====== The data ======

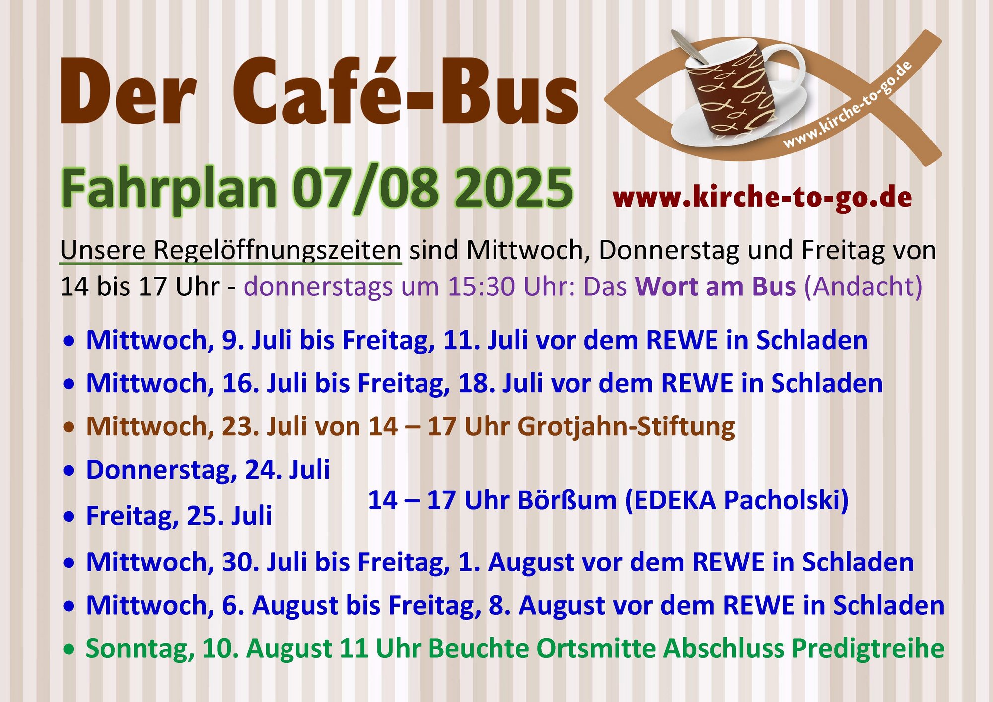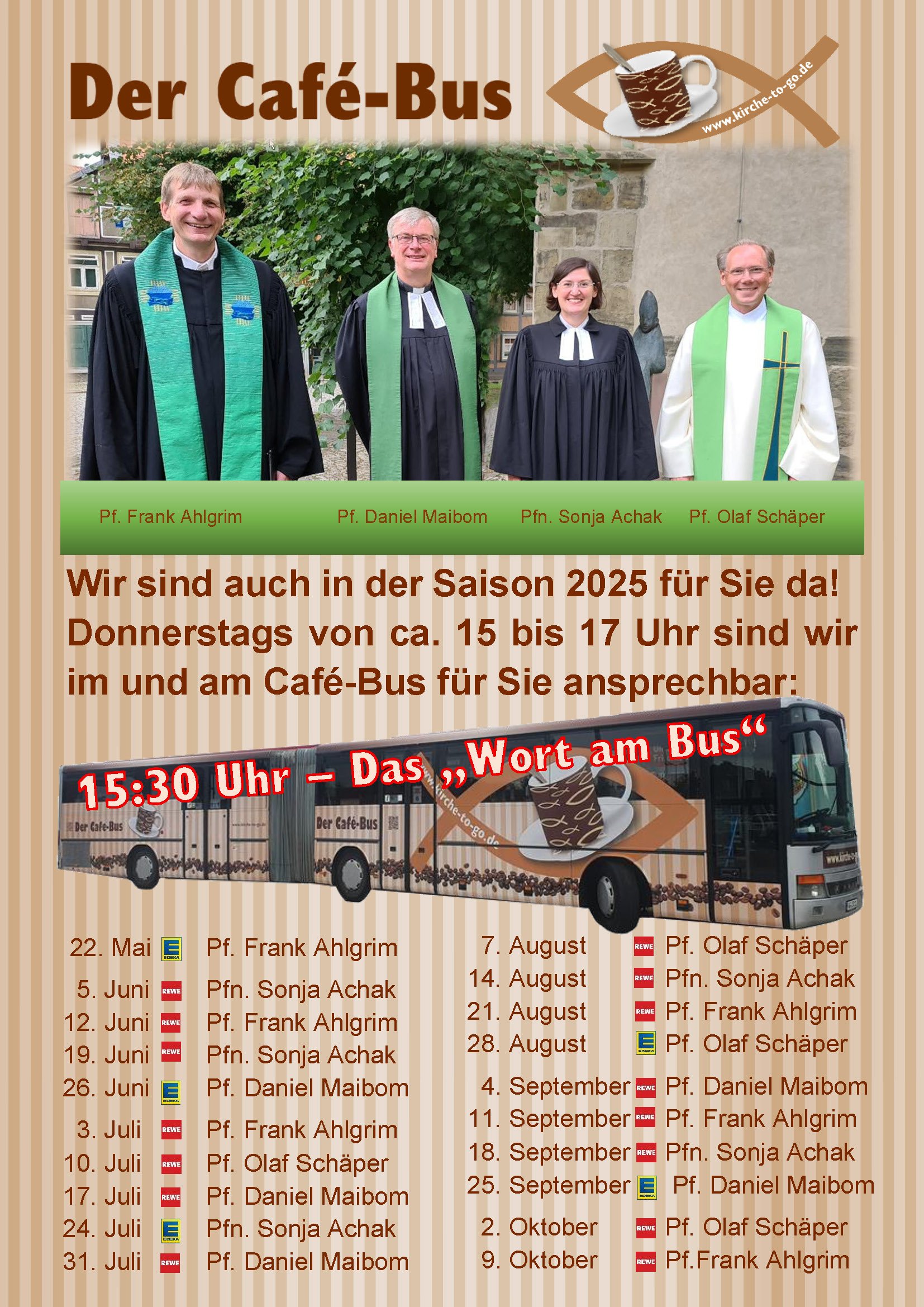 Die Pfarrerschaft wird regelmäßig donnerstags im und am Café-Bus anwesend sein.
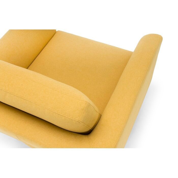 You can still have huge style even if you just have a limited place. This mid-century armchair will add huge style points to your living space. This chair’s clean-lined design is complemented by its tapered, splayed legs, knife-edge arms, and solid wood frame. The armchair’s upholstery is foam-filled for the ideal amount of give and is made of a sturdy, cleanable synthetic fabric. Cleaning and remote-finding are quite simple thanks to the detachable seat and back cushions (as well as their coverings). The back has simple button tufting to provide some flair.
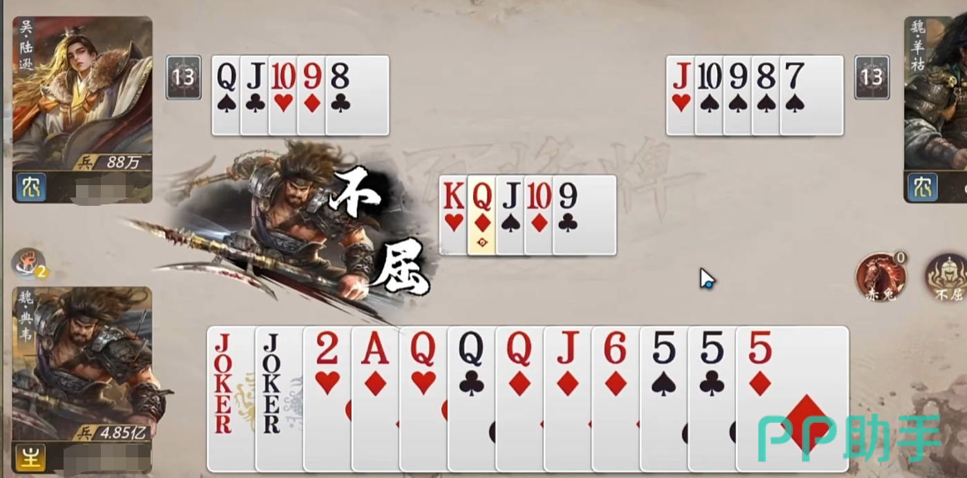 当不屈点数达到最高4点的时候,就会触发最强大的效果,获得一张万能牌。在游戏中价值很高,可以取代很多牌型的使用,在关键时可以形成顺子、对子等组合,从而灵活地改变出牌策略。万能牌对于典韦来说既可以提高出牌速度,也可以在残局时帮助玩家迅速完成收牌工作,从而使得整个战术更为灵活多变。
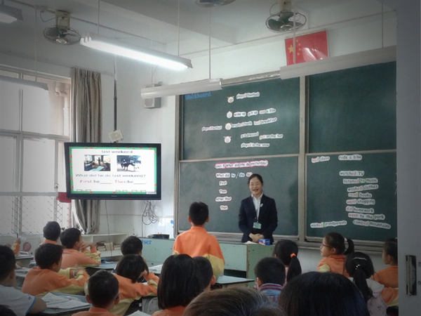 四(2)班Miss Huang上的课题是: What did you do yesterday? 通过学习副词First, then, after that, then,口头和笔头描述个人过去的日常生活。例如:Last Sunday, first, I woke up and got up. Then I brushed my teeth and washed my face. After that...课堂在热身和复习环节后,首先通过喜洋洋系列动画,引出了情景;随后的练习环节,换上了班上几个同学,在不同的时间段,他们的日常生活,例如:yesterday, last Tuesday, last weekend. 同学们将在前一环节所学到的知识,迅速运用到本环节,成功把同学的日常生活,用四个副词形成结构,描述出来。同样地,他们也能利用问答句型“What did you do last Sunday?” “First I, then I, after that I, then I...” 出色地完成小组内对其他同学过往的日常生活中的小调查。
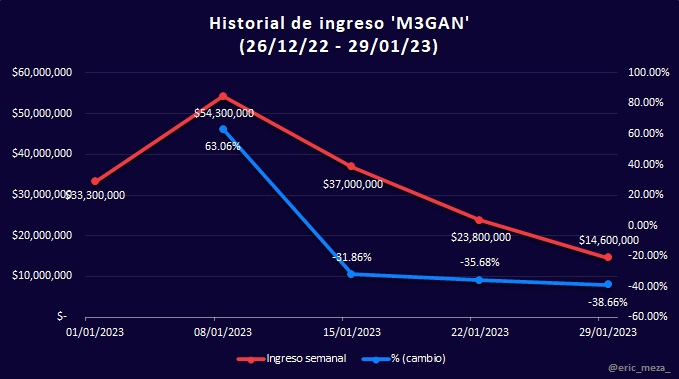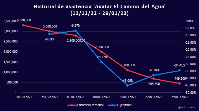 Esta semana disminuyó el ingreso en taquilla respecto a la anterior, regresando a los números con los que comenzó diciembre, antes del estreno de Avatar: el camino del agua. También se suma la caída en taquilla de todas las películas del top y la escasez de estrenos de alto perfil.
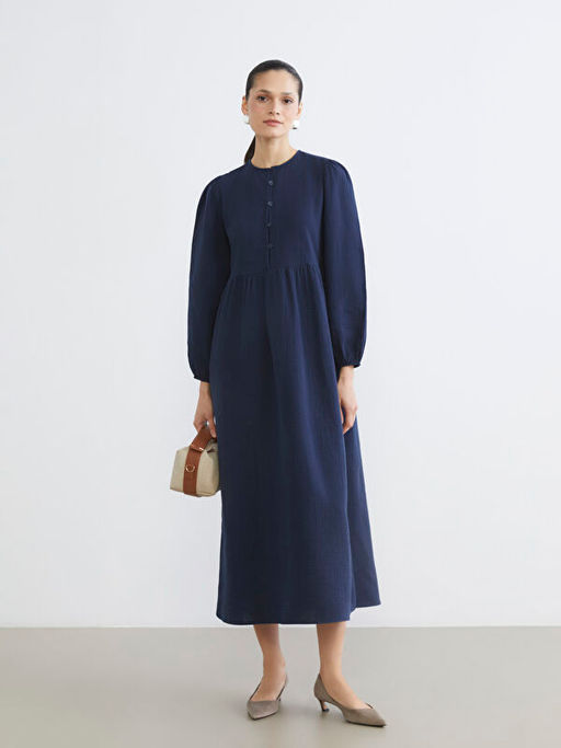 Bisiklet Yaka Balon Kollu M?slin Elbise
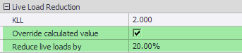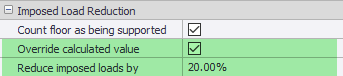 A user override option (Override calculated value) has been added for the members in which imposed/live load reductions take place automatically.
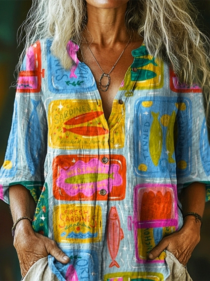 Women's Fun Ocean Fish Art Print Casual Cotton Linen Shirt

======

▶ Assignment: Pictures stay out of this copy. Retype exactly the lines from the one with "A user override" through the last line of the data, both ends included, and nothing more.

▶ Answer for the task:
 A user override option (Override calculated value) has been added for the members in which imposed/live load reductions take place automatically.
 Women's Fun Ocean Fish Art Print Casual Cotton Linen Shirt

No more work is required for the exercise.